The ability to convert natural language questions into structured query language (SQL), known as text-to-SQL, helps non-experts easily interact with databases using natural language. This makes data access and analysis more accessible to everyone. Recent studies have highlighted significant achievements in powerful closed-source large language models (LLMs) like GPT-4, which use advanced prompting techniques. However, adopting closed-source LLMs raises concerns about openness, privacy, and substantial costs. As a result, open-source LLMs gained great attention for offering similar performance to their closed-source counterparts in various natural language processing tasks.

Previous methods like IRNET used attention-based models to learn representations for text-to-SQL parsing, while later methods introduced models based on fine-tuning. Recently, LLMs have become a focus, with various works exploring new prompting techniques. For example, ACT-SQL automatically generates Chain-of-Thought examples, DIN-SQL breaks down complex tasks into sub-tasks, and DAIL-SQL organizes samples all of which have greatly improved performance in the text-to-SQL field. However, most of these methods are dependent on closed-source LLMs. Another work shows recent progress in generating synthetic data, such as Self-Instruct, which introduced a framework for enhancing instruction-following skills, and other works that have created mathematical questions and enhanced samples.

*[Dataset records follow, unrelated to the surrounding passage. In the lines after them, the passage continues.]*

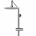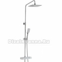 Устройство: душевая система • Смеситель: термостатический • Ручная лейка: размер 110 мм, настройки 3 шт • Верхний душ: размер 250 мм, настройки 1 шт • Комплектация: ручной душ, смеситель, стойка, шланг, крепление ручного душа, полка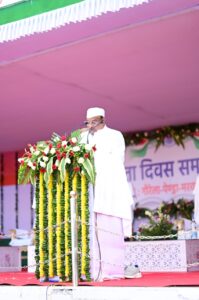 समारोह के मुख्य अतिथि मंत्री  जयसिंह अग्रवाल ने मुख्यमंत्री के संदेश में कहा कि हमारी न्याय योजनाएं प्यार की गंगा बहा रही है और दिलों को जोड़ रही है। उन्होने मुख्यमंत्री के संदेश के माध्यम से धान खरीदी प्रति एकड़ 15 क्विंटल से 20 क्विंटल करने, किसानों को 20 हजार करोड़ की इनपुट सब्सिडी, समर्थन मूल्य पर पहली बार मिलेट की खरीदी, किसानों के लिए बढ़ती सुविधाएं, सिंचाई सुविधाओं का विस्तार, गौठानों से गांव में आ रहा आर्थिक स्वावलंबन, तीन सौ नए रीपा प्रारंभ करने, फूड पार्क के लिए भूमि का चयन, भूमिहीन कृषि मजदूरों को 590 करोड़ रूपए की मदद, 32 लाख से अधिक महिलाओं को रोजगार, ‘आवास न्याय योजना’ प्रारंभ करने, पंजीकृत श्रमिकों को मिल रही विभिन्न सुविधाएं, देश में सर्वाधिक लघु वनोपज का संग्रहण, अनुसूचित क्षेत्रों में तेजी से विकसित होती अधोसंरचनाएं, खाद्य सुरक्षा के साथ पोषण सुरक्षा को भी मिली गति, सुपोषण अभियान के तहत पौने तीन लाख बच्चे कुपोषण और दो लाख महिलाएं एनीमिया से मुक्त करने की जानकारी दी।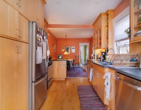 Set on a generous 5,019 sq. ft. corner lot with mature trees in prime Cambridgeport, this handsome c.1858 3-family building with 2 addresses offers exceptional potential for luxury single-family conversion, multi-unit development, or owner-occupancy with rental income. The largest owner unit at 215 Pearl Street is a charming 3-story townhouse-style home with an open kitchen and dining, 4 bedrooms, 2.5 baths, and direct basement access for possible expansion. It opens to a platform deck and side yard through the kitchen. The 174 Hamilton Street entrance serves two additional units: first floor 1-bed unit and upper 2 floors are a 2-bed unit. Enjoy beautiful grounds and gated driveway accessible from Hamilton St. creating a picture-perfect setting. Unbeatable residential and walkable location between Central Square hub and the Charles River, near parks, bike paths, MIT, Harvard, Kendall square and the BU Bridge.

Researchers from the Shenzhen Institute of Advanced Technology, Chinese Academy of Sciences, University of Chinese Academy of Sciences, and Alibaba Group have proposed a synthetic data approach that combines strong data generated by larger, more powerful models with weak data generated by smaller, less accurate models.  This method enhances domain generalization in text-to-SQL models and explores the potential of using weak data supervision through preference learning. Moreover, the researchers used this synthetic data method to fine-tune open-source large language models, creating SENSE, a specialized text-to-SQL model. SENSE has proven its effectiveness by achieving top results on the SPIDER and BIRD benchmarks.

The effectiveness of SENSE is tested using popular text-to-SQL benchmarks on five datasets. The general benchmark, Spider contains 7,000 text-SQL pairs in its training set and 1,034 pairs in its development set, covering 200 different databases and 138 domains. The challenge benchmark, BIRD is a new benchmark focused on large real-world databases, having 95 large databases with high-quality text-SQL pairs, with a total data of 33.4GB across 37 fields. Unlike Spider, BIRD emphasizes real and huge database contents, that require knowledge to reason between natural language questions and database content. 

The results show that prompting methods perform better than fine-tuning in text-to-SQL tasks, due to the strengths of closed-source LLMs and custom prompts. However, open-source LLMs still pose challenges with generalization. It is found that larger models tend to produce better outcomes, and instruction tuning enhances performance, highlighting the value of using synthetic data. Moreover, the SENSE model created by the researchers sets a new standard for the Spider dataset, outperforming the GPT-4-based DAILSQL. Especially, the SENSE-13B model shows a 21.8% improvement over CodeLLaMA-13B-Instruct on the development set and slightly outperforms DAILSQL. 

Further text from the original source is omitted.